═══ Source data
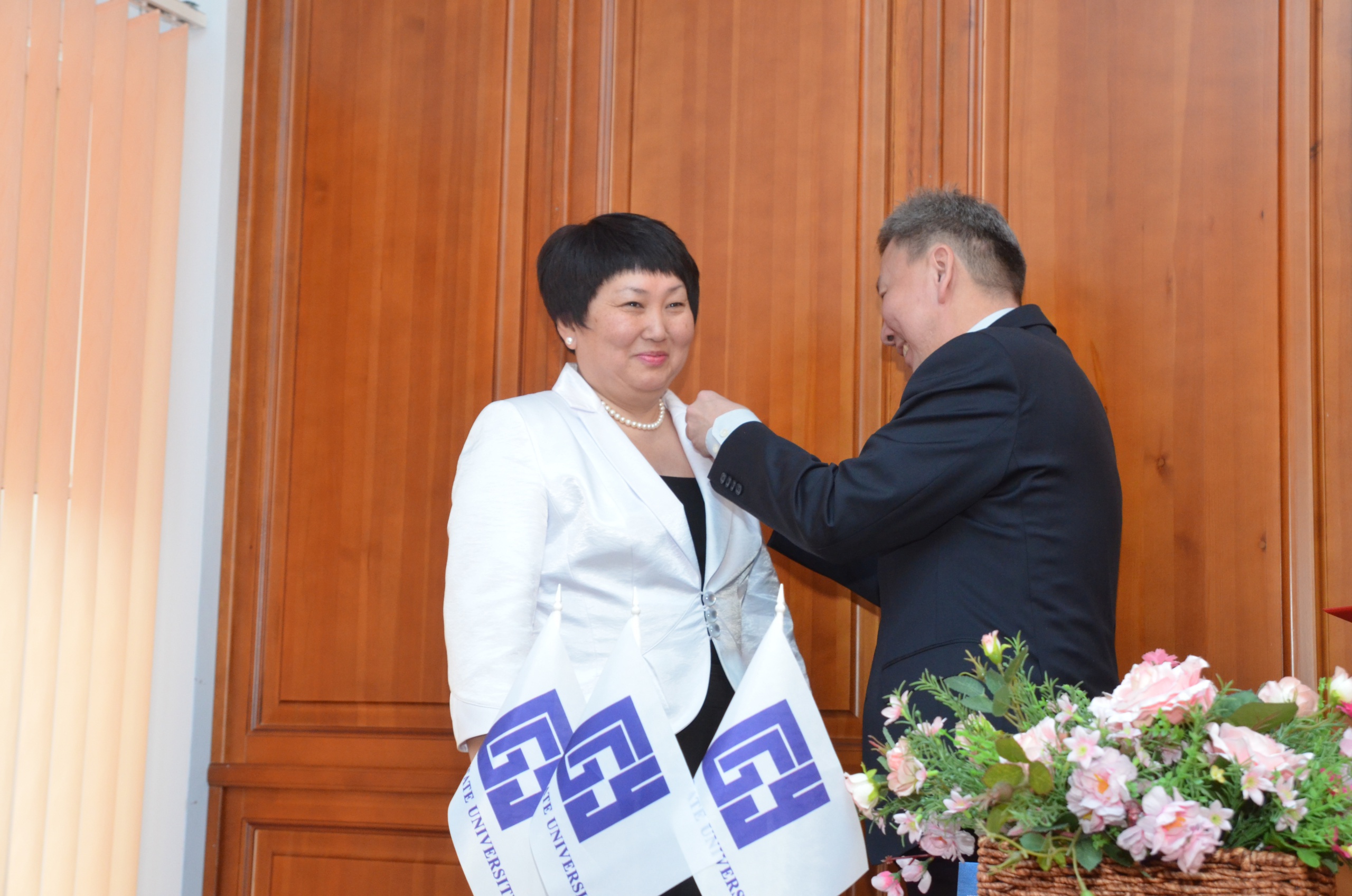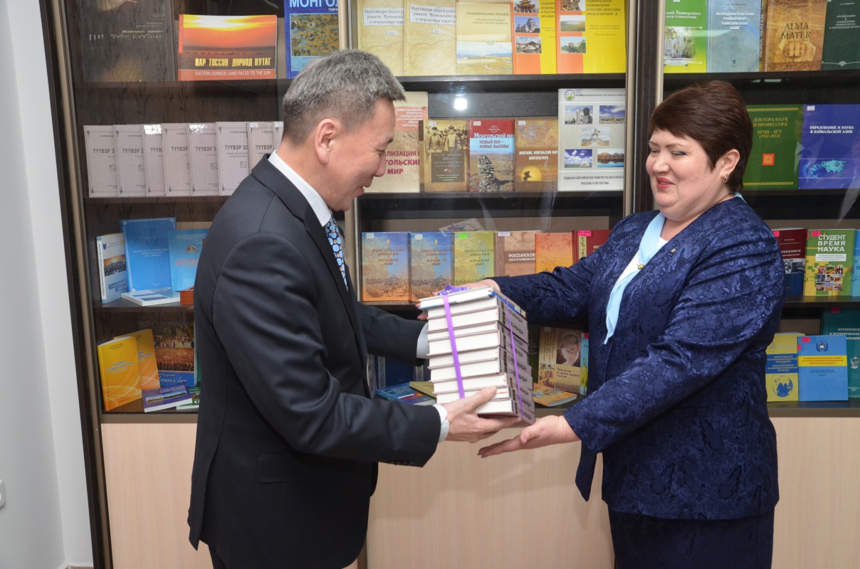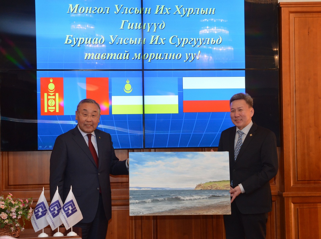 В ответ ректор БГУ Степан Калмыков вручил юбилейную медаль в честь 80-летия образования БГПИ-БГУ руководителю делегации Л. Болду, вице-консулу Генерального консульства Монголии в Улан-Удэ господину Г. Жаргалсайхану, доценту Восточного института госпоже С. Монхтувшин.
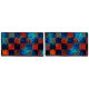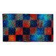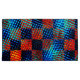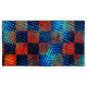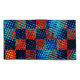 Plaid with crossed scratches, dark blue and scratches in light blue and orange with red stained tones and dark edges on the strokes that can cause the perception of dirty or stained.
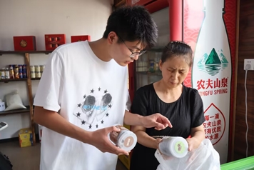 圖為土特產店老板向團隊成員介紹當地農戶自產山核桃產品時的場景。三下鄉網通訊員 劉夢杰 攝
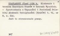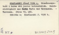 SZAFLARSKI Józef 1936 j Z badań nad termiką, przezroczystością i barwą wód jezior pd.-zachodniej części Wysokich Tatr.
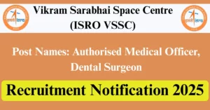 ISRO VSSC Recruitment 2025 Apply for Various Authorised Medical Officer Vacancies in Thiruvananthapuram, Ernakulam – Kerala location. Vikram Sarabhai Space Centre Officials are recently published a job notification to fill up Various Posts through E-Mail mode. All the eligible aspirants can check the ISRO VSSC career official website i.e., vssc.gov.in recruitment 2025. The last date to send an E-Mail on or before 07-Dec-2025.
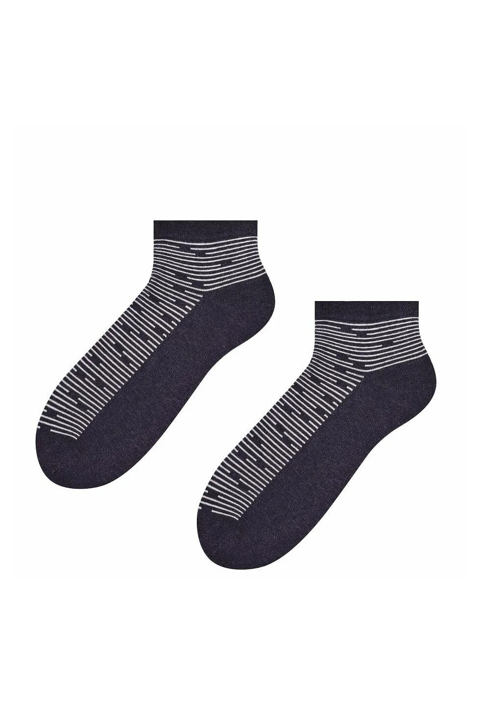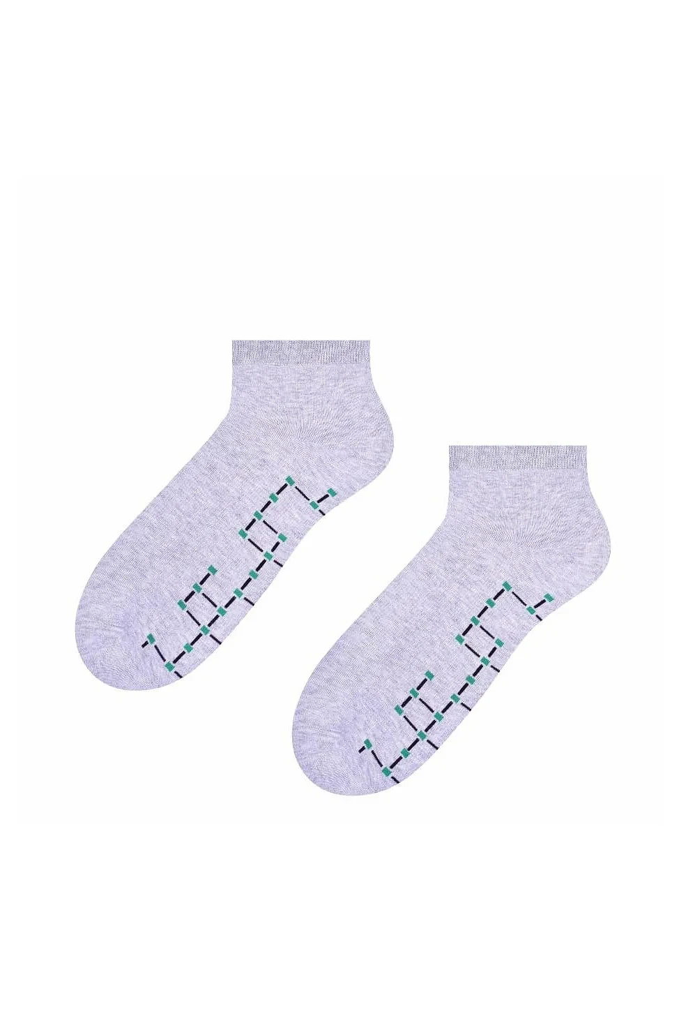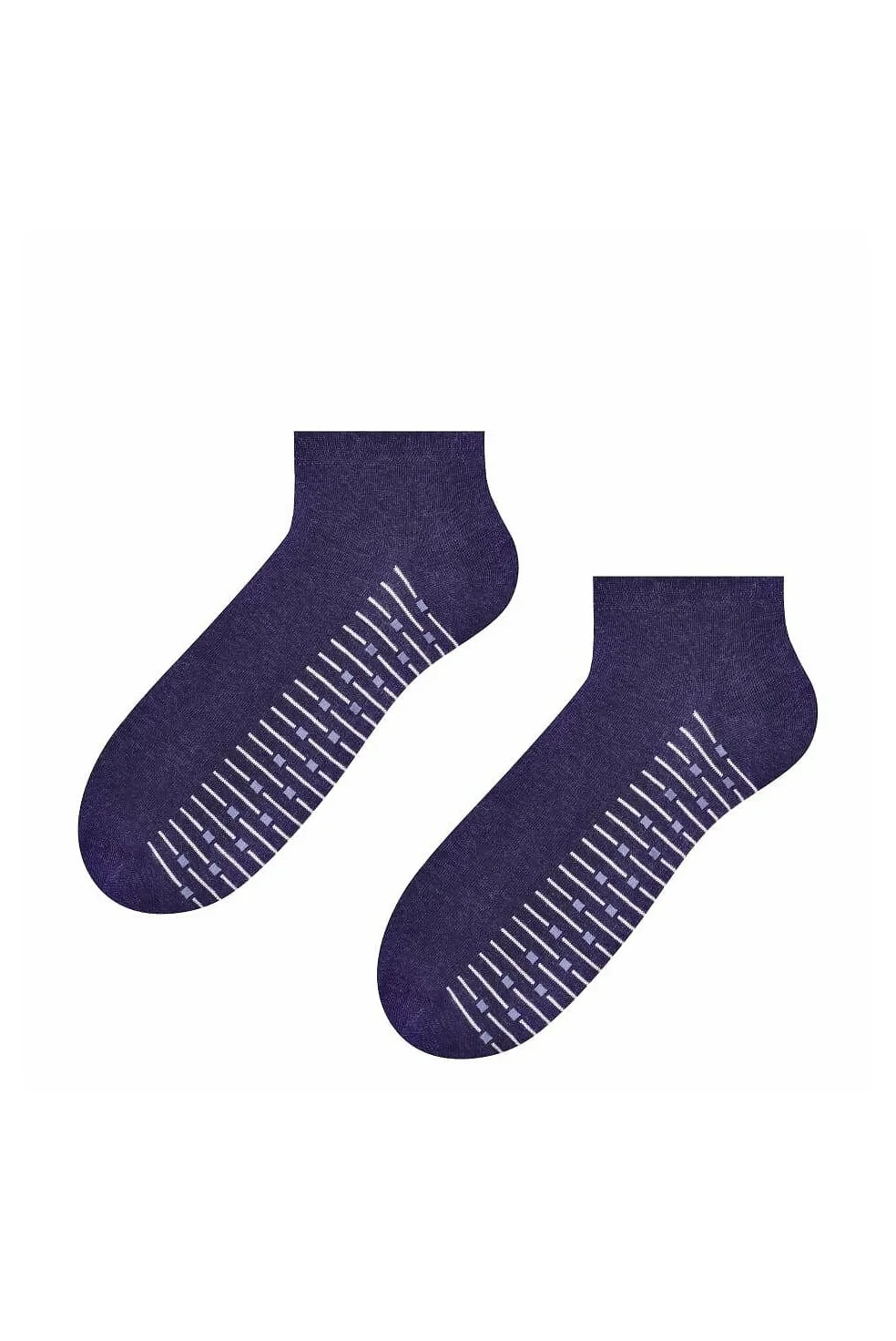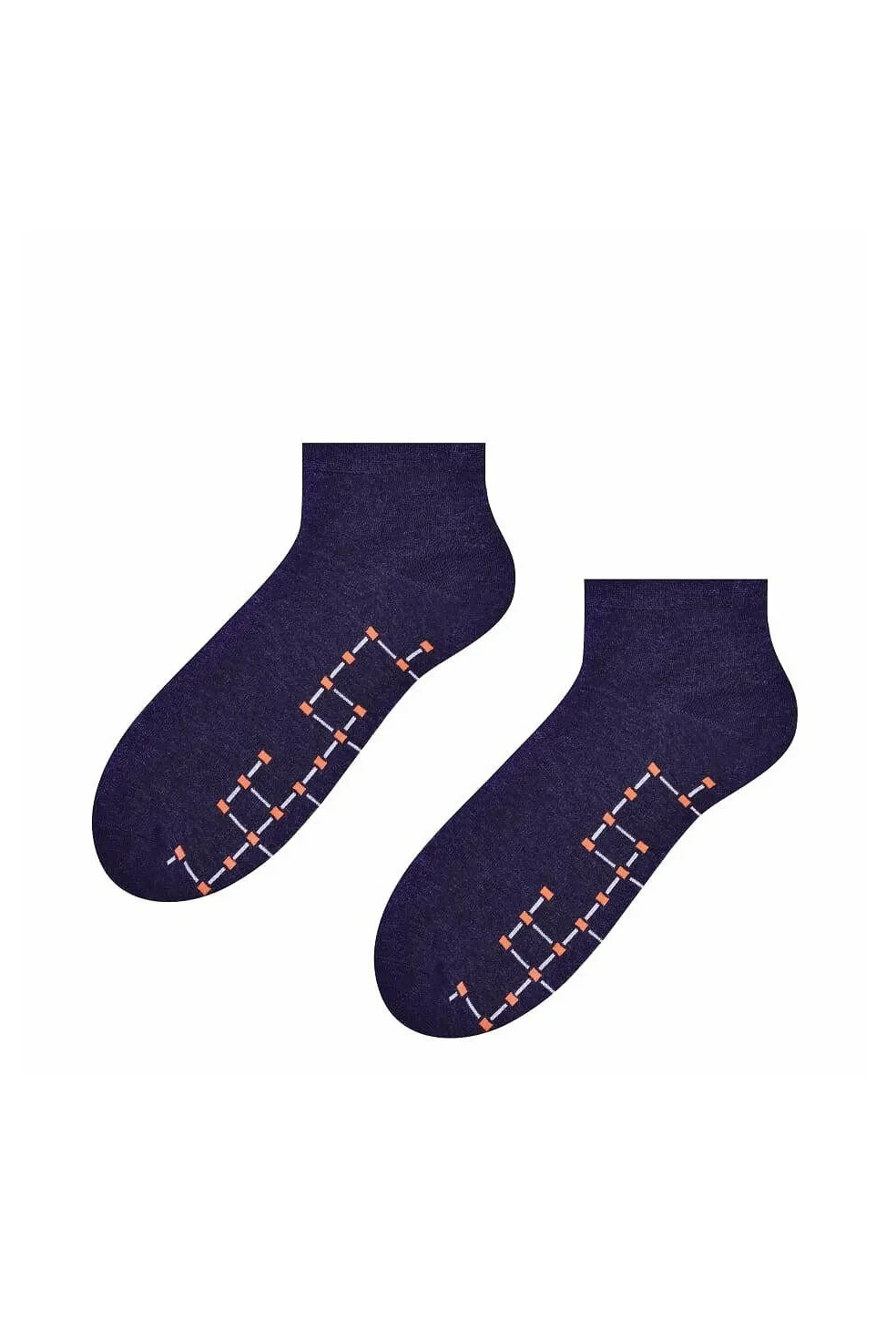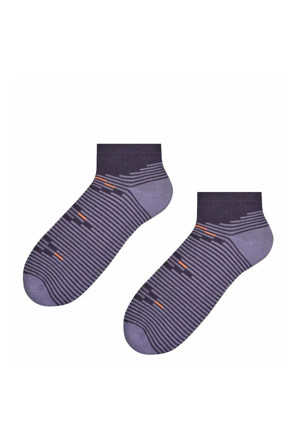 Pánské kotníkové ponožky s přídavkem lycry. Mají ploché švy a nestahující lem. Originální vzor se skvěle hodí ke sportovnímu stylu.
══════
_The problem_. Leave every picture out and print exactly the lines from the one that contains "圖為土特產店老板向團隊成員介紹當地農戶自產山核桃產品時的場景。三下鄉網通訊員 劉夢杰 攝" through the last line of the material above.

_Written answer_.
 圖為土特產店老板向團隊成員介紹當地農戶自產山核桃產品時的場景。三下鄉網通訊員 劉夢杰 攝
 SZAFLARSKI Józef 1936 j Z badań nad termiką, przezroczystością i barwą wód jezior pd.-zachodniej części Wysokich Tatr.
 ISRO VSSC Recruitment 2025 Apply for Various Authorised Medical Officer Vacancies in Thiruvananthapuram, Ernakulam – Kerala location. Vikram Sarabhai Space Centre Officials are recently published a job notification to fill up Various Posts through E-Mail mode. All the eligible aspirants can check the ISRO VSSC career official website i.e., vssc.gov.in recruitment 2025. The last date to send an E-Mail on or before 07-Dec-2025.
 Pánské kotníkové ponožky s přídavkem lycry. Mají ploché švy a nestahující lem. Originální vzor se skvěle hodí ke sportovnímu stylu.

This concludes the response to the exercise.